§ SOURCE RECORDS
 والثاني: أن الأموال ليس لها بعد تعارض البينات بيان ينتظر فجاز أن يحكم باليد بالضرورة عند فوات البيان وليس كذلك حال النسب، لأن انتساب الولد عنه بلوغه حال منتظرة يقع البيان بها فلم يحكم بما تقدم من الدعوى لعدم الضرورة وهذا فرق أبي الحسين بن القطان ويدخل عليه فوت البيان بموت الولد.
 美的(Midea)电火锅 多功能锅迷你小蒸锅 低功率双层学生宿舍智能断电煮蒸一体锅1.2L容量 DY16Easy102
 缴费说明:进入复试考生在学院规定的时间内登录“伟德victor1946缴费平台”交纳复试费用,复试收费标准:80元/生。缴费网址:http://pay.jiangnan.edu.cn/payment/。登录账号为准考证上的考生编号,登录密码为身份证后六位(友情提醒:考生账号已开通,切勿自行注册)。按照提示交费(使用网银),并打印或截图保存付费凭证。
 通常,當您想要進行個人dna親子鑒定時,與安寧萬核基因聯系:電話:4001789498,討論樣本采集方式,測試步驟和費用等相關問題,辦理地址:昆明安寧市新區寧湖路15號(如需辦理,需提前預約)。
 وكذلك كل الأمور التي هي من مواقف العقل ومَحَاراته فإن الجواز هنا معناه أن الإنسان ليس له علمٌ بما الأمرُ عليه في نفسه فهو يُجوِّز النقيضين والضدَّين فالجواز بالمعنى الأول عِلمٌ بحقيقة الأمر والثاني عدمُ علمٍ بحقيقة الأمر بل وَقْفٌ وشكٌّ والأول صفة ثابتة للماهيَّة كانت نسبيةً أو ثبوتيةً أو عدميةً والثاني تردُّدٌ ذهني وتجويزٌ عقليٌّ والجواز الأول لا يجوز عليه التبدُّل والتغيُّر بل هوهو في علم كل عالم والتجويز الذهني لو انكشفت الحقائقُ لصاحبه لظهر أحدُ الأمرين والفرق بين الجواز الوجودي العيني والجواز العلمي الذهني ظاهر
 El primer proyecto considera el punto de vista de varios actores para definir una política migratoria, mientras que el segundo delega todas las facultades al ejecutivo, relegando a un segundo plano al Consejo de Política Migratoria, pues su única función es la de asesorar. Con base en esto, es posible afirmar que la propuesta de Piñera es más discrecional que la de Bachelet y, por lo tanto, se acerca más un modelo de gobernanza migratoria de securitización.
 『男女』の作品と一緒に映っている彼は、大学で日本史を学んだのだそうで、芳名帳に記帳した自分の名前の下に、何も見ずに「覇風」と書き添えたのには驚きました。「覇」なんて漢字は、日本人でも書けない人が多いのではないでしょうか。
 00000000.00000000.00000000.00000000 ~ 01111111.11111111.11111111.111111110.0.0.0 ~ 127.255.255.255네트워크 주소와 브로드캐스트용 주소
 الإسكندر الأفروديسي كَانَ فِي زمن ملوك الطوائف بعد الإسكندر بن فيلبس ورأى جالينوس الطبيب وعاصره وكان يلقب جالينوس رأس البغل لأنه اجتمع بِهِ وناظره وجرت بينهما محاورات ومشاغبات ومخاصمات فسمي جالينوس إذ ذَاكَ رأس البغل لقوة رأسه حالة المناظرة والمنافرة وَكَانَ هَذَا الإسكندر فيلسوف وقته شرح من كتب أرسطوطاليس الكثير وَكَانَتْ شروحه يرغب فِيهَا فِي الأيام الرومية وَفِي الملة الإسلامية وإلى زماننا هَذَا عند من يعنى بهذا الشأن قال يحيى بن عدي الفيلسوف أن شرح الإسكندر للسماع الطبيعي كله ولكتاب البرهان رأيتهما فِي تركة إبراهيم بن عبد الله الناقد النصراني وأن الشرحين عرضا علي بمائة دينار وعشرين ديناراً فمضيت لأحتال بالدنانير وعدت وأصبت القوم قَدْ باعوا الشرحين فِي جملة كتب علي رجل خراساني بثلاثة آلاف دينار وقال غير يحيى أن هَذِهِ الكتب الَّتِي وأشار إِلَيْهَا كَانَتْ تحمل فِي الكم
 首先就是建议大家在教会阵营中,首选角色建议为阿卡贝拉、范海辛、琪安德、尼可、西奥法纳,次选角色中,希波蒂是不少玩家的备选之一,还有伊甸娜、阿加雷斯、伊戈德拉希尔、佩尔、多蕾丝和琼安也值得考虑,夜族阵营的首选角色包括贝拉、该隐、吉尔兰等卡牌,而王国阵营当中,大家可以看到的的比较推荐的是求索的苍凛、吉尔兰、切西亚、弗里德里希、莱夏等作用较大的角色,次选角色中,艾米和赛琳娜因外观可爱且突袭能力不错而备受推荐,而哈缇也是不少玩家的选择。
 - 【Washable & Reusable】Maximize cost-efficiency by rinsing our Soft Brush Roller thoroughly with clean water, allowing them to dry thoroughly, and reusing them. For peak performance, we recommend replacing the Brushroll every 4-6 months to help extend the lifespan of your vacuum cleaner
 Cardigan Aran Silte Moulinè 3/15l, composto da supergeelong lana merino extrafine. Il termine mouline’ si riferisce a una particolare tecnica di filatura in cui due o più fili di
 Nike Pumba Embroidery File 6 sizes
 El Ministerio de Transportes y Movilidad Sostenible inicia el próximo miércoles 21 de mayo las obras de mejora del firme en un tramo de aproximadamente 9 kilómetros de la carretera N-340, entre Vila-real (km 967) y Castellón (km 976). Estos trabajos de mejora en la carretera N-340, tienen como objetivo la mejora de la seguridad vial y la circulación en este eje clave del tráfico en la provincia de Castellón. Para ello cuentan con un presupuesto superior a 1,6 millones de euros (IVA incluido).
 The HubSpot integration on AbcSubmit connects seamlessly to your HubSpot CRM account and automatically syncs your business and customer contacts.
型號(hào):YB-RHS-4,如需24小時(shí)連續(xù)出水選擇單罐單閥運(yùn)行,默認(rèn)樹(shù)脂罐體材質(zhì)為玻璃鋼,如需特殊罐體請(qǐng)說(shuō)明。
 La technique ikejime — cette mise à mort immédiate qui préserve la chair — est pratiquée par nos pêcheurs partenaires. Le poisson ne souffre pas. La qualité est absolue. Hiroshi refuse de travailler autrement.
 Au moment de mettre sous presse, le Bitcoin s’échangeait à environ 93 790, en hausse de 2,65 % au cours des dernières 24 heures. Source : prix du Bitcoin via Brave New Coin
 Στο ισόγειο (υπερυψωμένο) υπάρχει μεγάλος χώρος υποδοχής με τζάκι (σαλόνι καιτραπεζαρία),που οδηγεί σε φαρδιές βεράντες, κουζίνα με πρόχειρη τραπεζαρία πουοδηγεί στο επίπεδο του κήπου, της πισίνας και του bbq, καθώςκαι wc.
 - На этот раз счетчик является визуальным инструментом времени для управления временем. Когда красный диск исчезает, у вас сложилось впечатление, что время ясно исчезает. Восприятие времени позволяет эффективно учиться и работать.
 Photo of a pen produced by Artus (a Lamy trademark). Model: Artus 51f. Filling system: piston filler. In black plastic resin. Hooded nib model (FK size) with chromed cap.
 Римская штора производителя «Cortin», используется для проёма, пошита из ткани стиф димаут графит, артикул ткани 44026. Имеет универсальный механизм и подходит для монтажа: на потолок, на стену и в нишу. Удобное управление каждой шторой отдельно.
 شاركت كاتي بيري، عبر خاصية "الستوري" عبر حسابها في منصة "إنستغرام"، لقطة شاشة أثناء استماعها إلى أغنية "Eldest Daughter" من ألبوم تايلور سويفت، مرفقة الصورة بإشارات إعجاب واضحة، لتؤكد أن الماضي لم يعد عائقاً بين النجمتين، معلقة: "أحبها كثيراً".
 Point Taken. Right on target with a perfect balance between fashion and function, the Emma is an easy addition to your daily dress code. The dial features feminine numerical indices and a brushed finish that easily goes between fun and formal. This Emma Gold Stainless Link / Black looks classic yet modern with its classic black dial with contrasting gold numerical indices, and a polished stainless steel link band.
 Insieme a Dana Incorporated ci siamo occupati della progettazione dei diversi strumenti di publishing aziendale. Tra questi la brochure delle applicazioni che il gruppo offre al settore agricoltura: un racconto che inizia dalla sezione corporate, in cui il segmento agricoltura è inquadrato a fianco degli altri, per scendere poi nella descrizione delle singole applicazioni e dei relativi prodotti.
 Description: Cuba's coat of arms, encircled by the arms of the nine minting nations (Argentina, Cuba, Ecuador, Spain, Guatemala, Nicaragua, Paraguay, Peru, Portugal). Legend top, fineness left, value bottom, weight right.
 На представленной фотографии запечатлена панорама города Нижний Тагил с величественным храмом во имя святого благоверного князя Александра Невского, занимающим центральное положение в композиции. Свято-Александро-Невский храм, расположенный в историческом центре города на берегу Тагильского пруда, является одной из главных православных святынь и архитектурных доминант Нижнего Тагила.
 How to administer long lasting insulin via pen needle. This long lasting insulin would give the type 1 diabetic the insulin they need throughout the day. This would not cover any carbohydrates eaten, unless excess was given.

§ TASK ITEM
From the first line of the records above to the line that contains "通常,當您想要進行個人dna", quote each line exactly.

§ ANSWER FOR THIS EXERCISE
 والثاني: أن الأموال ليس لها بعد تعارض البينات بيان ينتظر فجاز أن يحكم باليد بالضرورة عند فوات البيان وليس كذلك حال النسب، لأن انتساب الولد عنه بلوغه حال منتظرة يقع البيان بها فلم يحكم بما تقدم من الدعوى لعدم الضرورة وهذا فرق أبي الحسين بن القطان ويدخل عليه فوت البيان بموت الولد.
 美的(Midea)电火锅 多功能锅迷你小蒸锅 低功率双层学生宿舍智能断电煮蒸一体锅1.2L容量 DY16Easy102
 缴费说明:进入复试考生在学院规定的时间内登录“伟德victor1946缴费平台”交纳复试费用,复试收费标准:80元/生。缴费网址:http://pay.jiangnan.edu.cn/payment/。登录账号为准考证上的考生编号,登录密码为身份证后六位(友情提醒:考生账号已开通,切勿自行注册)。按照提示交费(使用网银),并打印或截图保存付费凭证。
 通常,當您想要進行個人dna親子鑒定時,與安寧萬核基因聯系:電話:4001789498,討論樣本采集方式,測試步驟和費用等相關問題,辦理地址:昆明安寧市新區寧湖路15號(如需辦理,需提前預約)。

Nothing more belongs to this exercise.